College of Science & Engineering Alumni Newsletter
Spring
2001
Rock Solid Foundation Starts at SFSU
Lisa
White’s (BA ’84, Geology) pathway to professor of geology
is not your typical one, just ask her family members – that is, if you
can get a word in! Raised in a family of extroverts, she laughs at how
her shy demeanor was no match for the lively personalities of the family
(the family professions include a singer/performer, a community health
advocate, a psychology professor, and a college administrator). Intellectual
pursuits were clearly valued and encouraged by her family, but geology
hardly matched the professions of any of her role models whose careers
were rooted in the activism of the 1960’s. Lisa’s family did nurture her
curiosity for science, however, through their collective passion for learning
and their sense of adventure, combined with frequent trips to the California
Academy of Sciences in Golden Gate Park. Although she was fascinated by
science at an early age, she confesses to being just an above average student
in San Francisco public schools (she is an alumna of George Washington
High School, Roosevelt Middle School and Frank McCoppin Elementary School
in the City’s Richmond district). Her upbringing in San Francisco produced
a pretty typical urban teenager who enrolled at SFSU in the late 1970’s
more interested in music and the arts, rather than science.
Her
first major at SFSU was photography and her interest in science did not
re-emerge until she took a general education geology course. She credits
many of her faculty colleagues in the Geosciences Department for encouraging
her interest in the geology major while she was an undergraduate, and for
recommending her for a summer internship program at the U.S. Geological
Survey in Menlo Park in 1982. Lisa assisted geologists on field projects
in Alaska, New Mexico and the California Coast Ranges during the three
summers she worked at the USGS. She not only developed a greater awareness
of the geosciences profession as a result of the internship, but she also
received a lot of encouragement to go to graduate school. Because the mentorship
program at the USGS made such a difference in her career, she later coordinated
the same outreach program (Minority Participation in the Earth Sciences,
MPES program) from 1988 to 1995.
During
her graduate work at the University of California, Santa Cruz she was bitten
by the international travel bug and she had the opportunity to work on
multinational research projects in Israel, Egypt, and Japan. It was during
her dissertation work at U.C. Santa Cruz on the Miocene (24 to 5 million
years ago) Monterey Formation that her interests in micropaleontology and
oceanography intensified. Her participation as a shipboard scientist in
the Ocean Drilling Program helped to develop her expertise in diatom microfossils.
As a faculty member at SFSU she continues to investigate the unique depositional
setting of biosiliceous (diatom-rich) sedimentary rocks around the Pacific
Rim, both on land and in the sea. She recently completed projects with
the Ocean Drilling Program off the tectonically active Pacific margin of
Costa Rica and a NSF-funded field project on organic-rich units in the
far east of Russia. While she was in graduate school at UCSC, the Geosciences
Department at SFSU continued to track her progress and when she completed
her dissertation in 1989 she was delighted when the Department considered
her for a faculty position. When she joined the Geosciences Department
faculty in 1990, she was, and continues to be, enthusiastic about reaching
out to students who are probably a lot like she was as an undergraduate.
A
common theme in Lisa’s professional decisions is her desire to give back
to her community. Connecting with communities through education has always
been important to her and to her family, as her parents’ career paths were
always community-centered. SFSU has been a part of her family for
several generations; her parents were students at S.F. State in the 1950’s.
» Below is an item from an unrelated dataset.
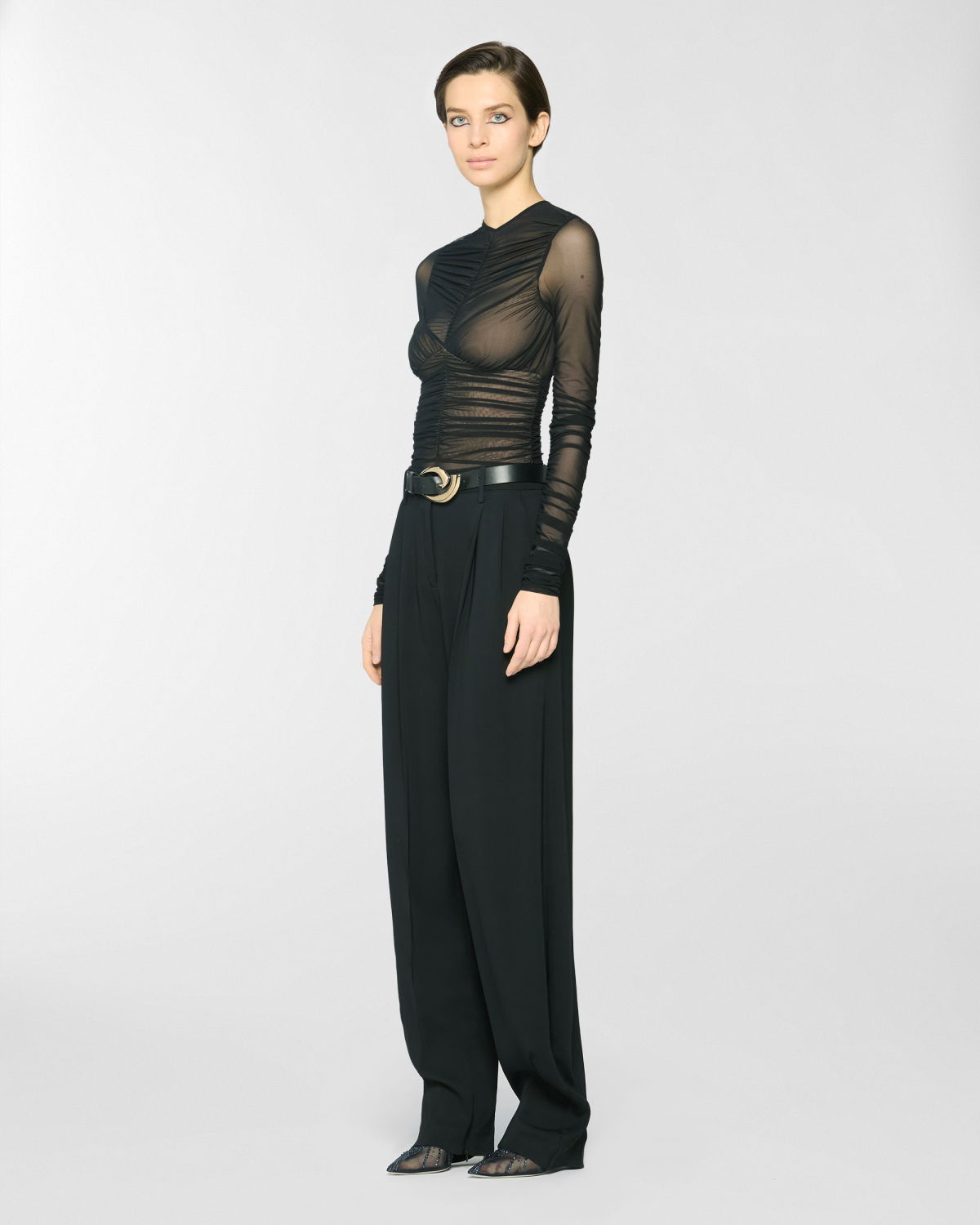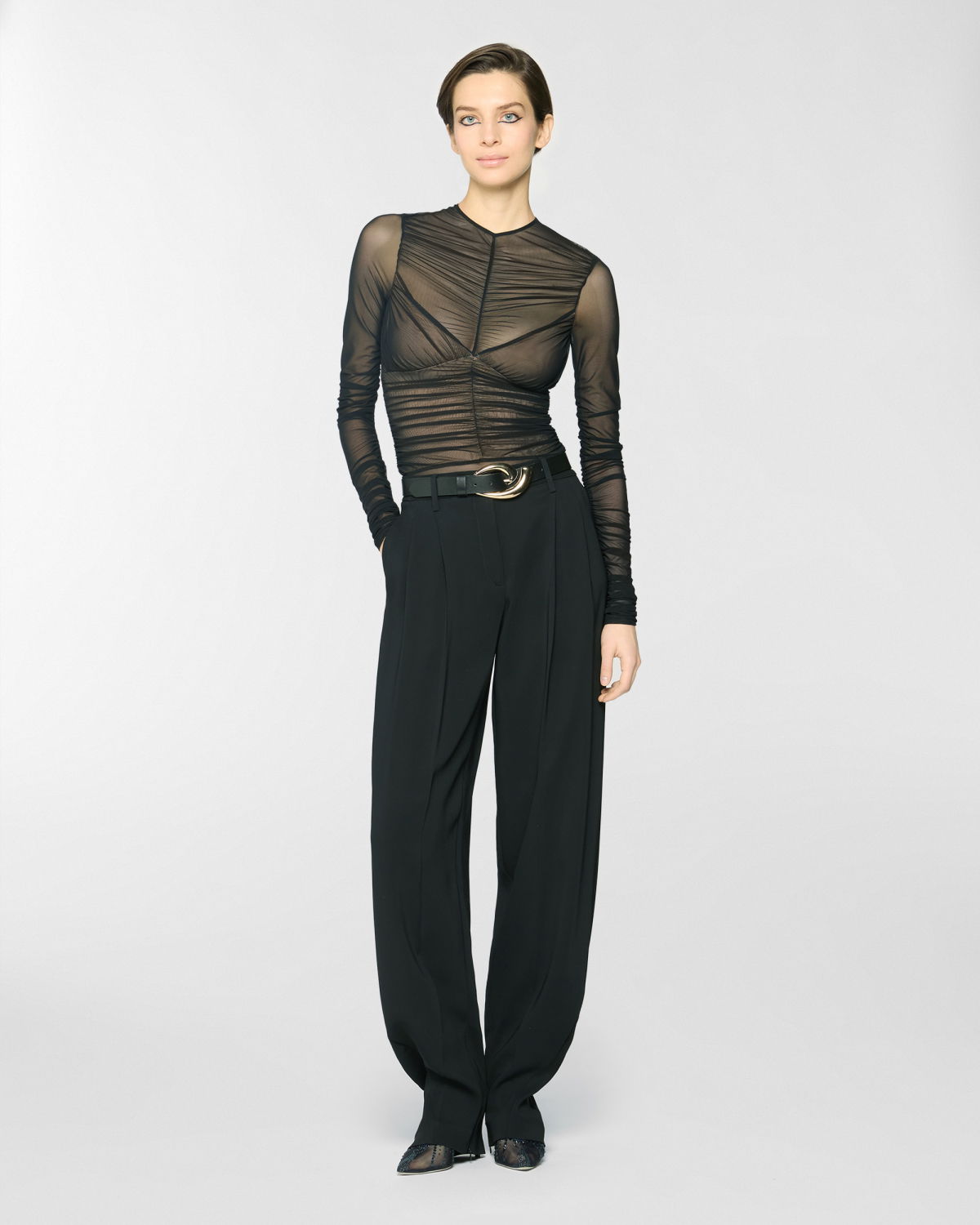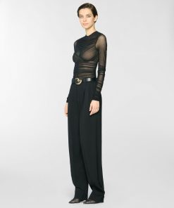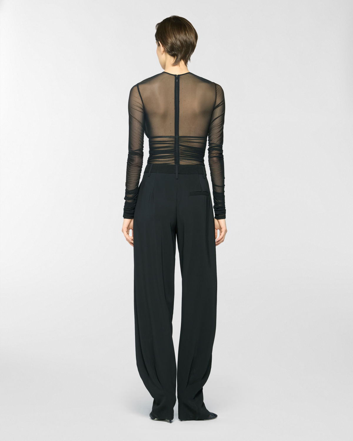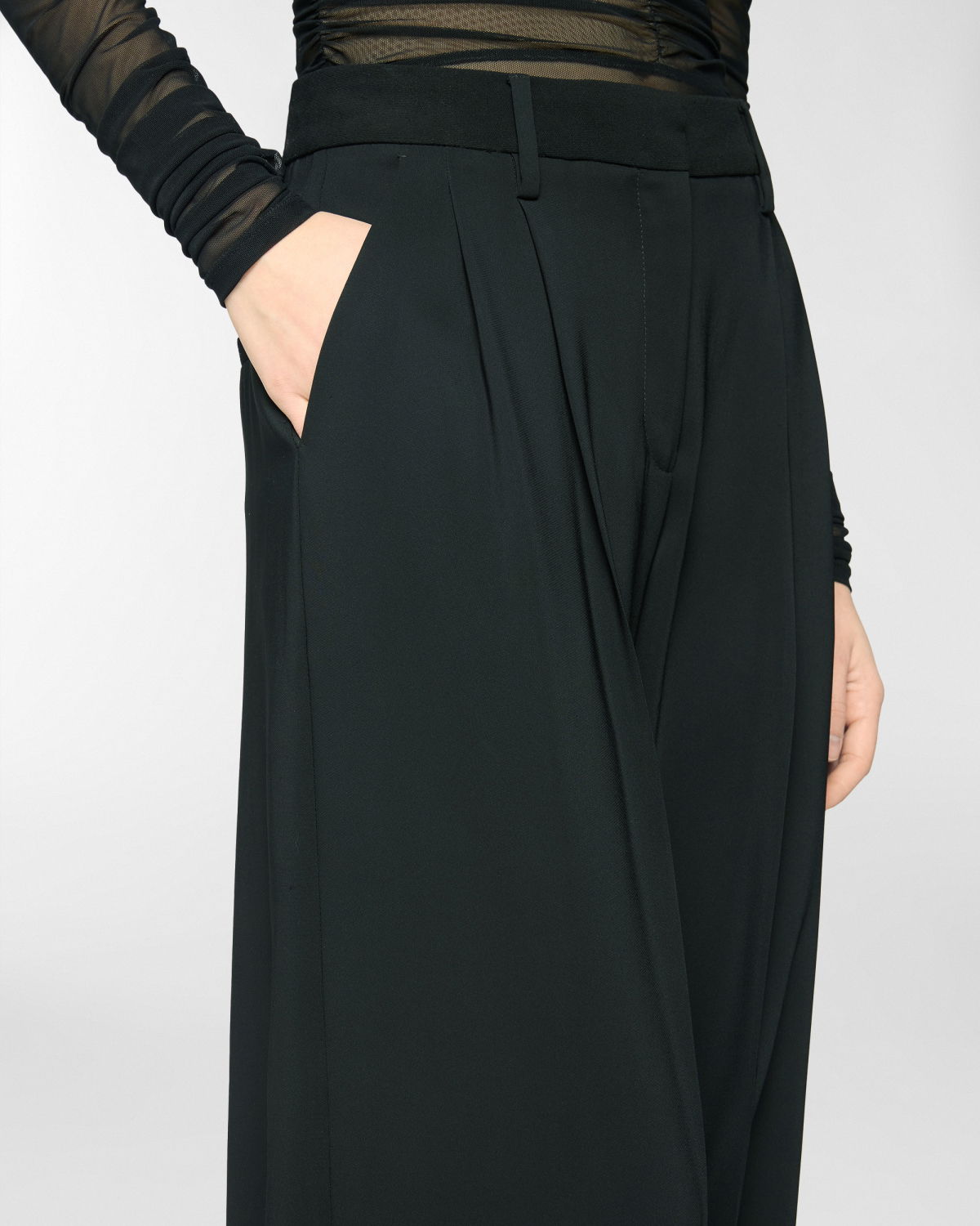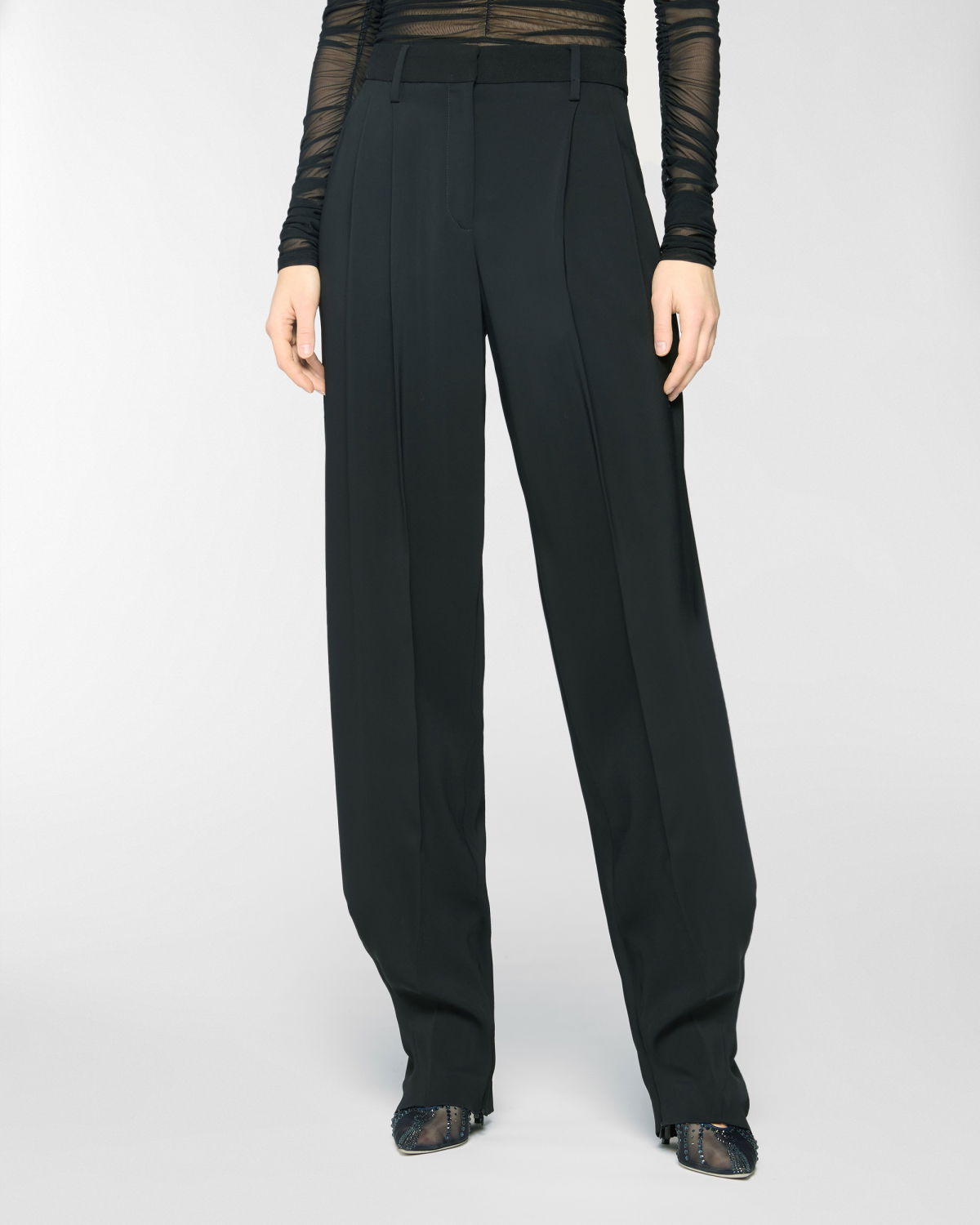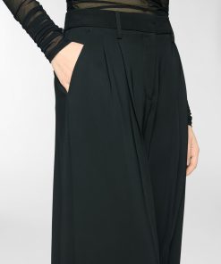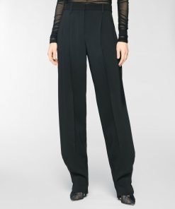 Long pants with a fluid, soft silhouette, enhanced by front pleats that add volume and graceful movement. High-waisted with a structured waistband, French pockets at the sides, and a single welt pocket at the back. Crafted from a viscose-blend cady with a subtly lustrous texture.

Those were very exciting years at San Francisco State (“The Willie Brown
years”), particularly for African Americans who, like her parents, moved
to San Francisco during the post-WWII California migration. Lisa’s father,
Joe White (BA ’54 and MS ’56, Psychology), was also a faculty member at
SFSU. He was brave enough to return to campus from a faculty position at
Cal State Long Beach during the 1968-69 strike year to be the Dean of Undergraduate
Studies. He loves San Francisco and likely would have spent his entire
career at SFSU but his support of the students’ position did not endear
himself to then President Hiyakawa. He was asked to step down as dean,
or as he tells the story, “Hiyakawa ran me out of there!” After leaving
SFSU he became a professor of cross-cultural psychology at U.C. Irvine,
where he is now professor emeritus. Her mother, Myrtle White (BA ’55, Nursing),
worked for many years in community nursing programs in the City, such as
the teenage mother program at Mount Zion Hospital in the 1960’s and 70’s.
Her mother continues to live in the City close to campus and has recently
joined the Urban Elders Program and enjoys taking classes at SFSU every
semester.
Lisa’s
election as a fellow of the California Academy of Sciences in the fall
of 2000 and her selection as chair of the Geosciences Department, effective
fall 2001, completes the circle that connects her youth, her family, and
her San Francisco roots to the SFSU community.